我被床邊的電話鈴吵醒,感覺響了很久。我拿起聽筒,對方說道:
「喂?瑞德先生嗎?」
「是的,您好。」
「您好,瑞德先生。我是霍夫曼。酒店經理。」
「哦,您好。」
「瑞德先生,很高興您終於到了。非常歡迎您的到來。」
「謝謝。」
「真的歡迎您,先生。飛機晚點的事請別介意。斯達特曼小姐應該都告訴您了吧,我們現場的所有人都完全理解。畢竟,您要趕赴世界各地的預約,還要跋山涉水地飛到這兒,哈哈,這種事情很難避免。

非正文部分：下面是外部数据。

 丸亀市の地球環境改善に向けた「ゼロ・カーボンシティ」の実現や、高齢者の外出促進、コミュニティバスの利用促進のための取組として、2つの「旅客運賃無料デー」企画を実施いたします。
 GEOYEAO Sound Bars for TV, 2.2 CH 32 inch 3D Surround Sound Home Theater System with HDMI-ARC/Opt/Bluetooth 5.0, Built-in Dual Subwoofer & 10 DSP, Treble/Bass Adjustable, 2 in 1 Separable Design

」
「但是……」
「真的沒關係,先生。您不需要做任何解釋。我剛也說了,所有人都很理解。這事就算過去了,重要的是您來了。單單這一點,瑞德先生,我們就無比感激。」
「哦,謝謝,霍夫曼先生。」
「呃,先生,您現在要是不忙的話,我很想跟您見個面,當面表達我的敬意,對您到本市下榻我們的酒店表示個人感謝。」
「您真是太客氣了,」我說,「但我剛剛小憩了一下……」
「小憩?」聲音裡瞬間閃過一絲惱怒,但馬上恢復了和藹親切,聽不出絲毫差別。「是嗎,當然,當然,您一定很累了,路途遙遠。那這樣吧,不管什麼時候,我隨時恭候。」
「我非常期待與您見面,霍夫曼先生。我馬上就下來。」
「一定等您方便了再下來。我呢,我就一直在這兒等著,就在樓下大廳裡,不管多久。請您一定不要著急。」
我思量了一陣,然後說道:「但是,霍夫曼先生,您一定還有許多其他的事情要忙乎吧。」
「沒錯,這會兒是一天裡最忙的時候,但為了您,瑞德先生,要我等多久都行,毫無怨言。」
「霍夫曼先生,請別因為我浪費您寶貴的時間。我馬上下來找您。」
「瑞德先生,一點都不麻煩。其實,能在這兒等您,我很榮幸。按我說的,一定慢慢來。我保證,我會一直在這兒等您來。」
我再次謝了他,放下電話,起身環顧一週,看看光景,猜測大概快傍晚了。先前的疲憊感有增無減,但好像沒得選,只有下樓去大廳。我起身,走到行李箱邊拿出一件不太皺的外套,至少比我身上這件平整。換衣服的時候,我突然特別想喝咖啡。穿好衣服後,我疾步離開房間。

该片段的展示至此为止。